Kernels & Hardware
When the compiler isn’t enough, you write the kernel. This module covers the kernel DSLs that win in practice — Triton (the daily driver), CUTLASS / CuTe (the NVIDIA reference), ThunderKittens / TileLang (the post-Triton frontier) — and a coming lesson on the 2026 hardware landscape that frames which DSL fits which chip.
0 / 4 lessons ~60 min total
Module capstone — build it
Three matmuls, three DSLs — same kernel, three implementations The fastest way to feel each DSL's voice is to write the same kernel in all three. Triton, CUTLASS, ThunderKittens (or TileLang).

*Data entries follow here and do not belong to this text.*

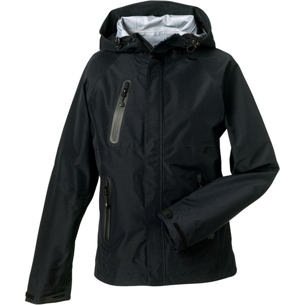 Sportsko tehnički 10000 za žene, ergonomski kroj, vodootporan (10 000 mm vodenog stupca), prozračan (8 000 g/m² u 24 sata), podesiva kapuljača, patentni zatvarači ispod pazuha, laserski rezani i zavareni džep s vodootpornim patentnim zatvaračima, otporan na vjetar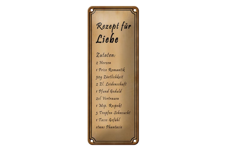 - TitelBlechschild Spruch 10x27cm Rezept für Liebe Tüte 2 Herzen Dekoration [ORIGINAL BLECHSCHILD von FEMER]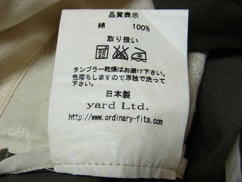 日本製【0】Ordinary fitsオーディナリーフィッツ パンツ 片ポケ トラウザー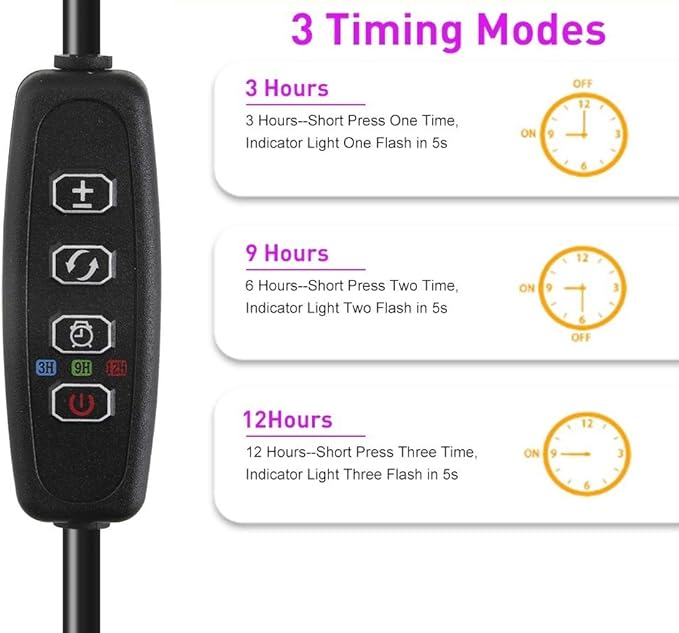 - 【Timing Fuction】Plant Grow lights with an automatic timing function is the latest in plant growth lamps . Not only you can set it up for lighting every 3 hours, 6 hours or 12 hours, but also you can adjust the distance between the light and plants, according to plant needs. Note: We suggest that please adopt the adapter for USB Plug require under 3A (No Adapter)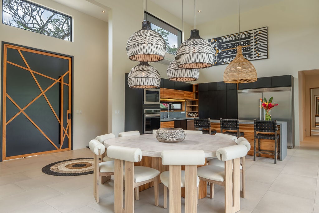 From the moment you arrive, a majestic Guanacaste tree and manicured tropical landscaping welcome you home. Inside, a grand pivot door opens to an airy, light-filled living space with floor-to-ceiling sliding glass doors that open completely to the pool and garden.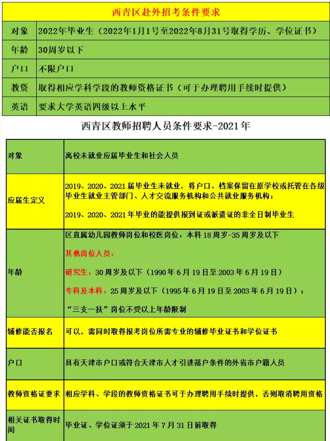赴外招聘年龄限制在了30周岁以下,但是有个前提条件是2022年应届生,25周岁以上的应届生也很少,所以,今年西青区年龄要求可能还会是本科25周岁以下,研究生30周岁以下。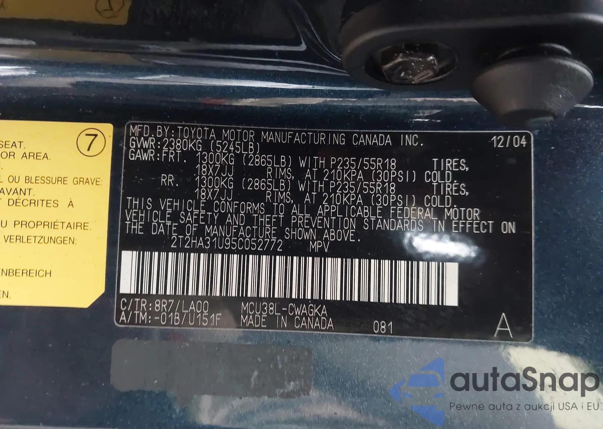 • VIN 1VWSA7A37MC001087
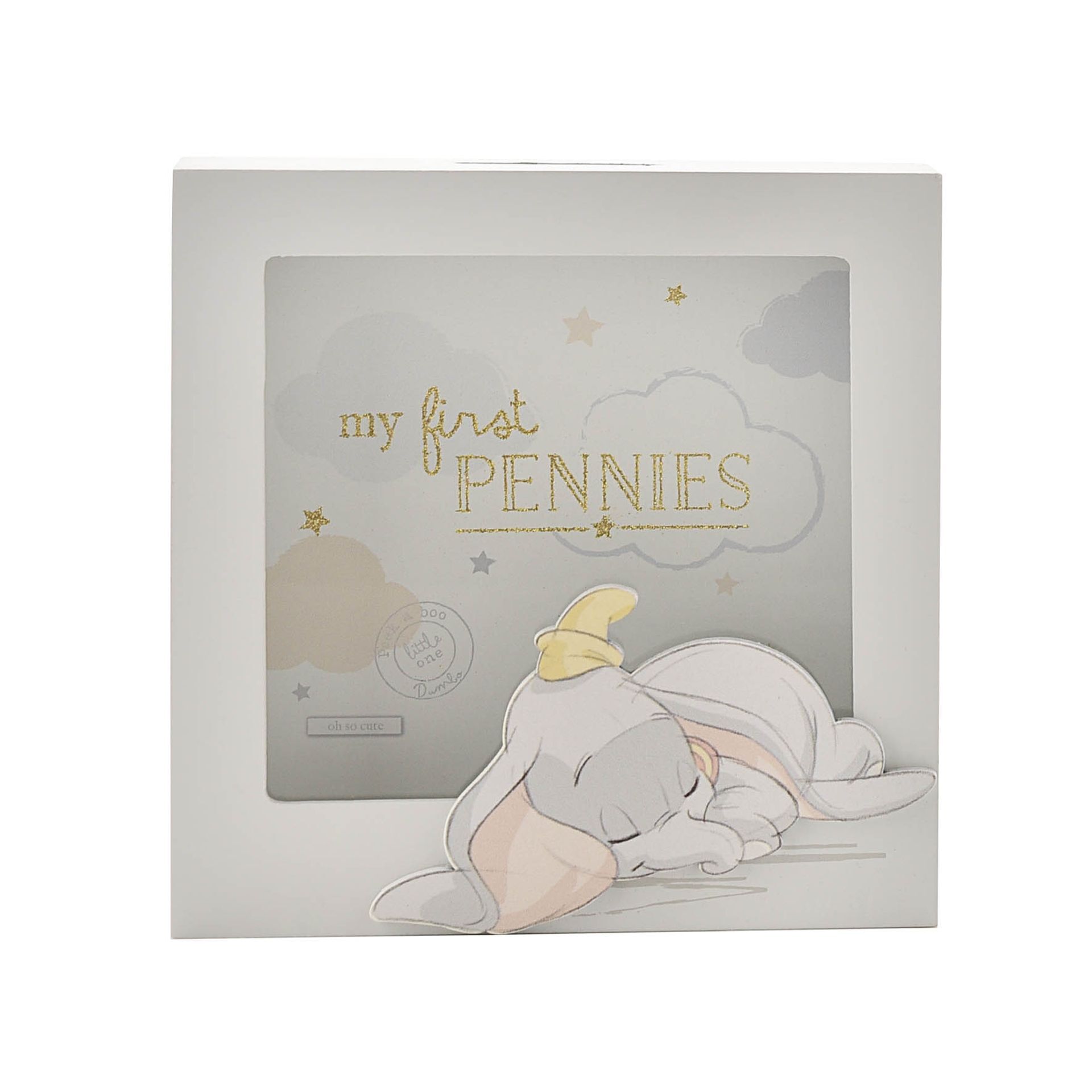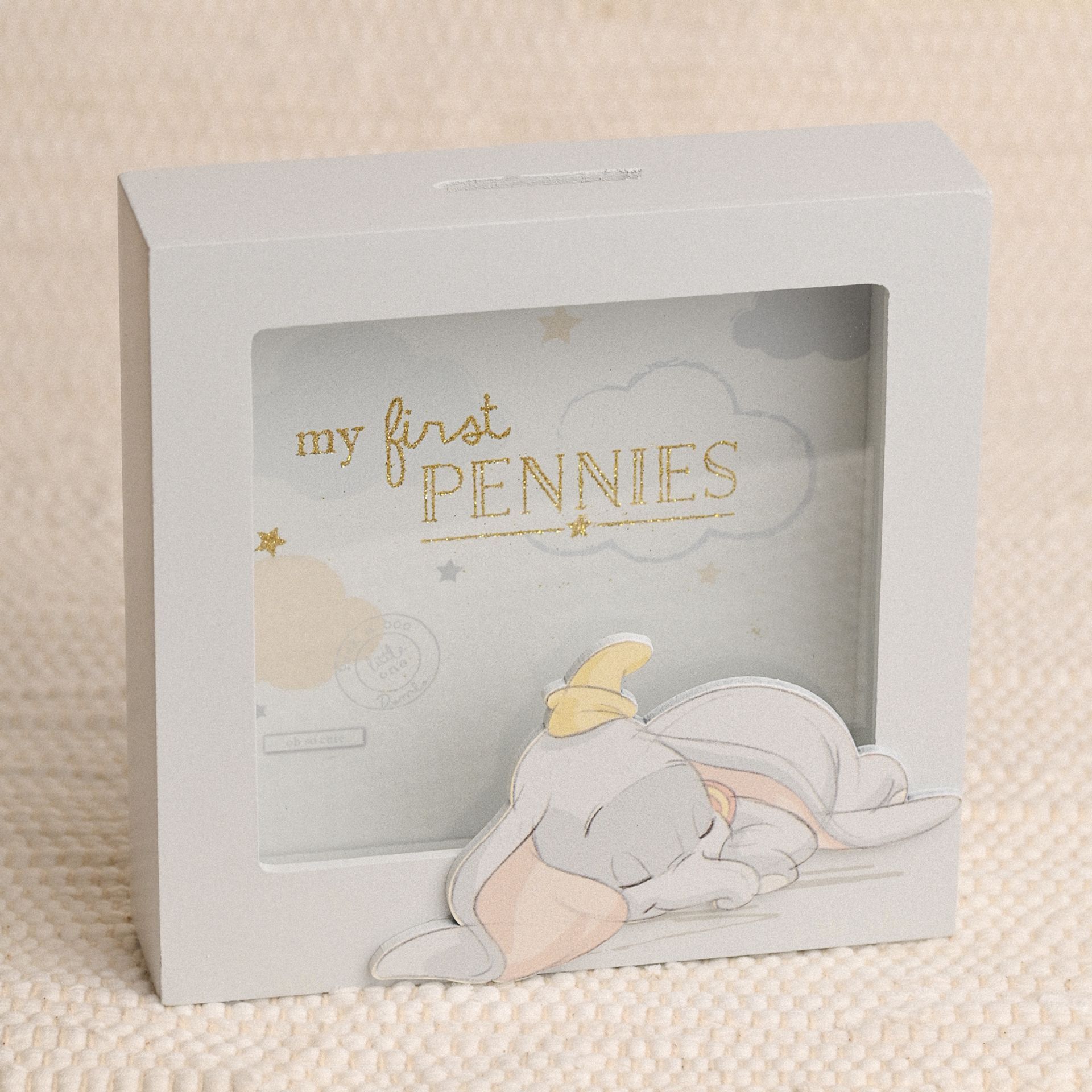 The wooden window box features a grey paint finish, completed by a loveable pencil style illustrated of Dumbo sleeping, along with a coin slot at the top. On the removable back panel is a ‘My first pennies’ sentiment in gold glitter lettering, finished with a pastel-coloured clouds and stars backdrop.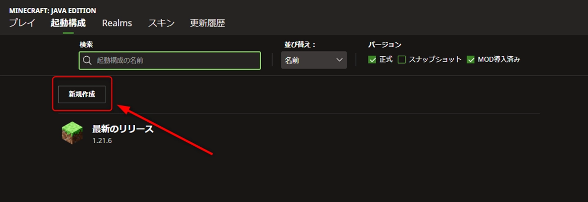 例えば、サーバーのバージョンが「1.21.6」なのに、「1.21」などの別のバージョンを選んでしまうと、サーバーに接続できないんです。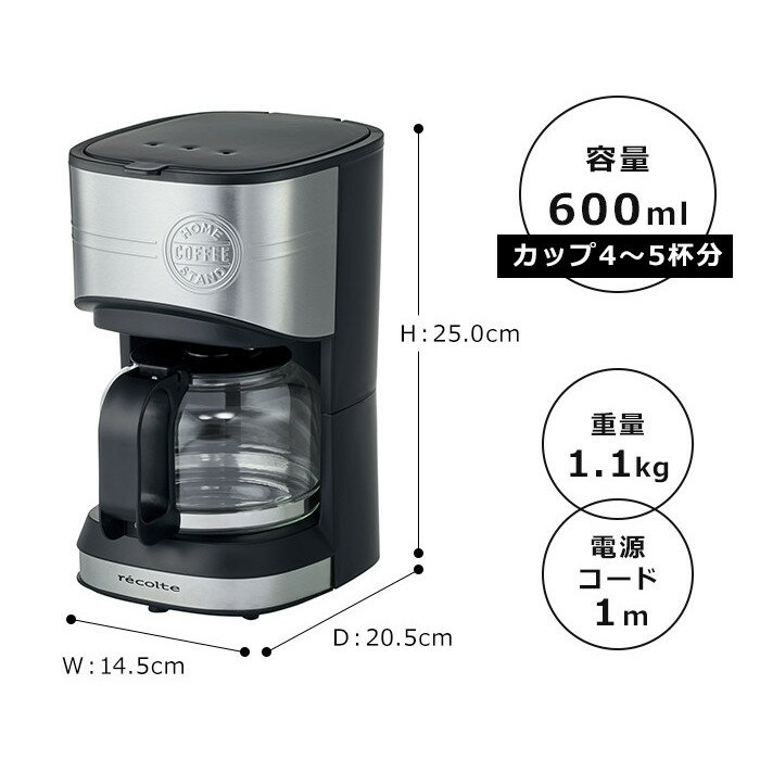 解説 手軽にコーヒースタンド気分が味わえる「recolte(レコルト)ホームコーヒースタンド」は、コーヒー豆とお水をセットし、あとはスイッチを押すだけで自動でドリップコーヒーが抽出できます。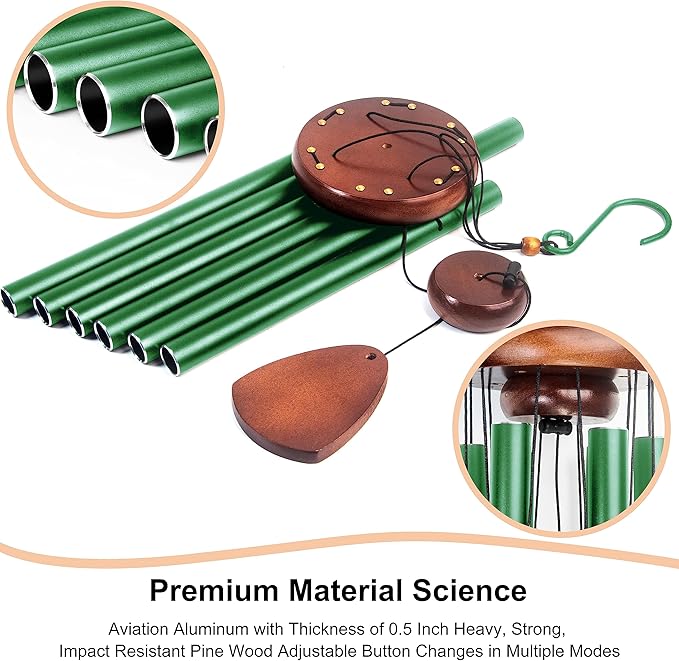 - 🎵[Large Wind Chimes Size]: The windchime is made of premium aluminum pipe and pine. The total length of the wind chimes from the top's S-shaped hook to the bottom's catcher is 37" Among them, 6 classic green anodized aluminum tubes have excellent corrosion resistance and wear resistance, and the length ranges from 8.7" to 12.6". The wood is made of wear-resistant and non-cracking pine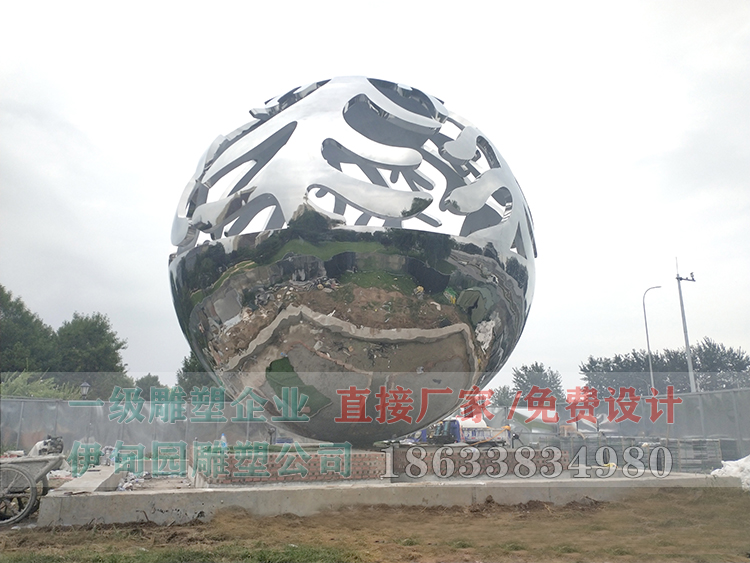 不銹鋼鏤空球體直徑8米,不銹鋼+石材基座組合。雕塑球體采用不銹鋼304鏡面效果表現,使雕塑表面像鏡子一樣清晰,整體美觀(guān),可以反射周?chē)坝^(guān),擴大視覺(jué)效果,還原不銹鋼本色。結合LED燈光散發(fā)藝術(shù)氣息,增強與公眾的互動(dòng),增加與城市文明的情感聯(lián)系,豐富城市精神文明。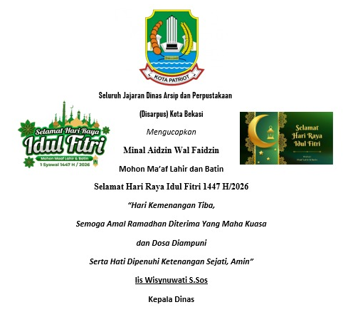 BEKASI Iklan Seluruh Jajaran Dinas Arsip dan Perpustakaan (Disarpus) Kota Bekasi Mengucapkan Selamat Hari Raya Idul Fitri 1447 H/2026 18 Maret 2026 | 08:57 WIB admin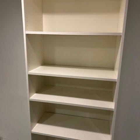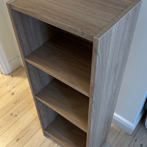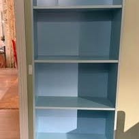 Billy bokhylla som är ommålad utvändigt med en aprikos/rosa snickerifärg ( tempelton pink från Farrow and ball)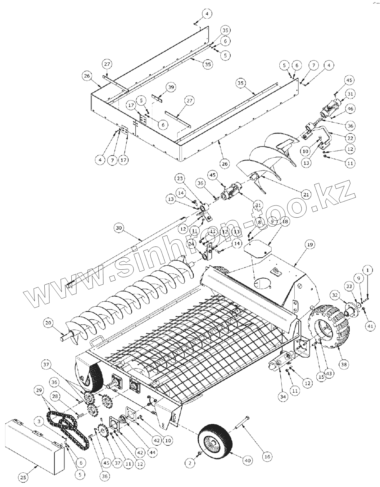Каталог запасных частей к технике: Клевер ТШВ-400-23. Большой шнековый лоток бункера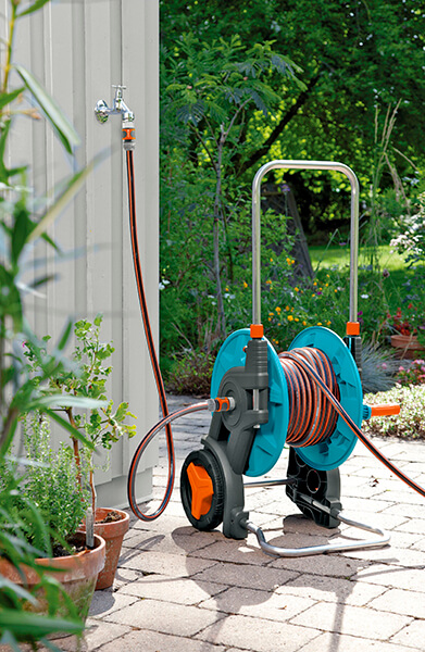За допомогою набору з'єднань Gardena котушка для шлангів або візок для шлангів можуть бути приєднані до джерела води. Шланг може бути легко з'єднаний з оригінальною системою фітингів Gardena, а саме за допомогою стандартних з'єднувачів шлангів (арт. 915) і з'єднувача з краном (арт. 901). Шланг має стандартну довжину 150 см і шланг FLEX з діаметром 13 мм (1/2 ") з тиском на розрив в 25 Бар. Для легкого і швидкого з'єднання котушки для шлангів або візки для шлангів з джерелом води.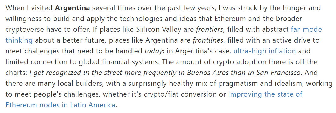 “Argentina es una mezcla de pragmatismo e idealismo, donde se trabaja para afrontar los retos de las personas, ya sea para convertir crypto/fiat o para mejorar el estado de Nodos de Ethereum en la región”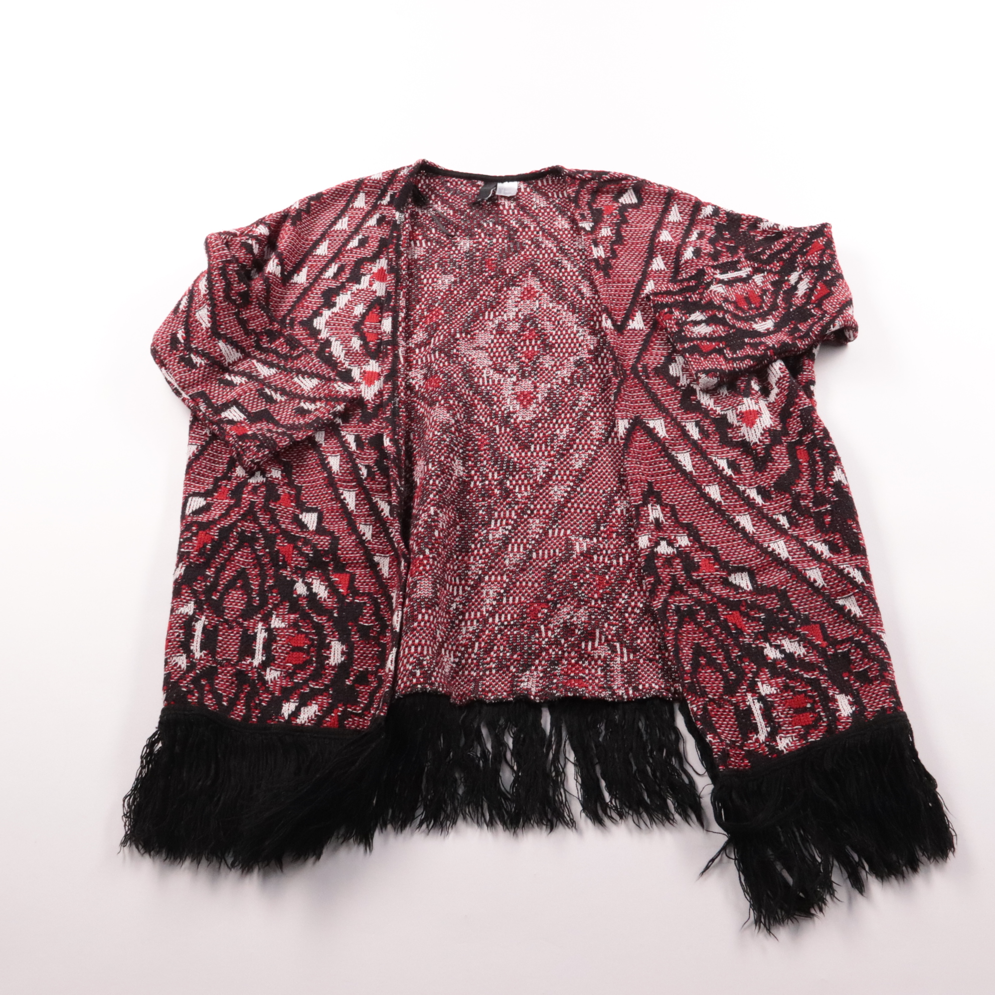 Вязаный кардиган H&M с ярким жаккардовым узором и длинной бахромой по низу. Подойдёт для прохладной погоды и многослойных образов с джинсами или платьем. Мягкая пряжа приятна к телу и не требует сложного ухода.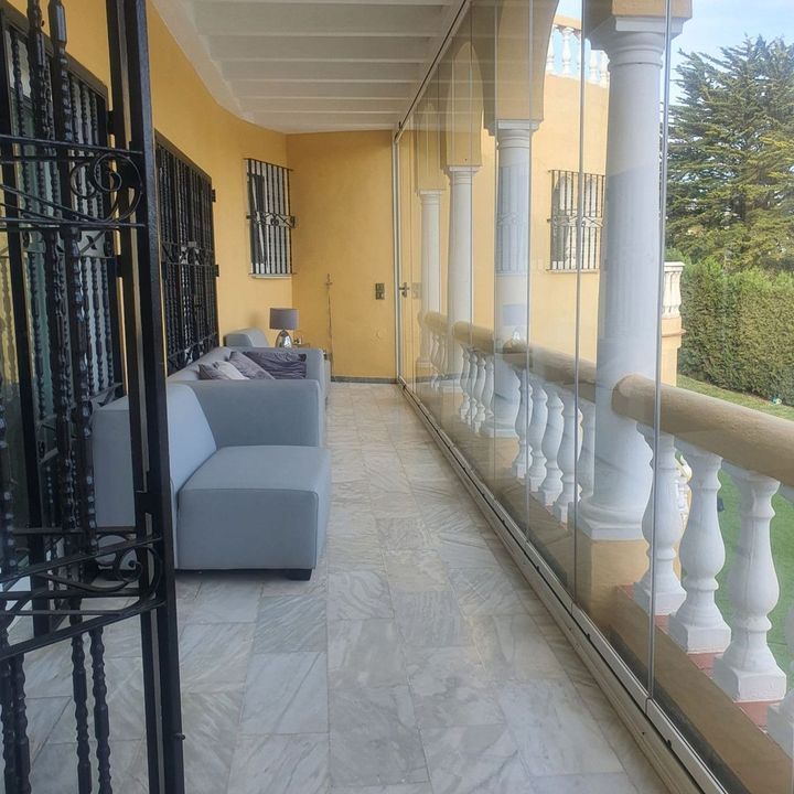 Fantastic returns from this large Villa which has a tourist license and a successful holiday rental business. Own a spacious six bedroom villa in a sought after urbanization close to beaches, a children's play area and shops and restaurants of Playa Marina. It features a large swimming pool, ample outdoor spaces with a well-established garden and low maintenance artificial grass. The main living area opens onto a covered terrace with glass curtains for year-round enjoyment and views of the pool. Inside, there are two open kitchen areas and a large roof terrace to enjoy the sun all day long.

Frontier · Two focused weekends (~30 h) · Free Colab T4
One repo with three implementations of a 16-bit GEMM (M=N=2048, K=4096): a Triton autotune kernel, a CUTLASS-builder GEMM, and a ThunderKittens or TileLang kernel. The artifact is the three sources side by side, a benchmark plot showing all three vs cuBLAS, and a one-page README discussing the lines-of-code-vs-perf tradeoff each picked.
Build it — step by step
01 Set up a benchmarking harness 45 min
A `bench.py` that takes a kernel function and runs it on M=N=2048, K=4096 FP16 inputs 50 times after a warmup. Reports TFLOPs/s. Compares against `torch.matmul` (cuBLAS).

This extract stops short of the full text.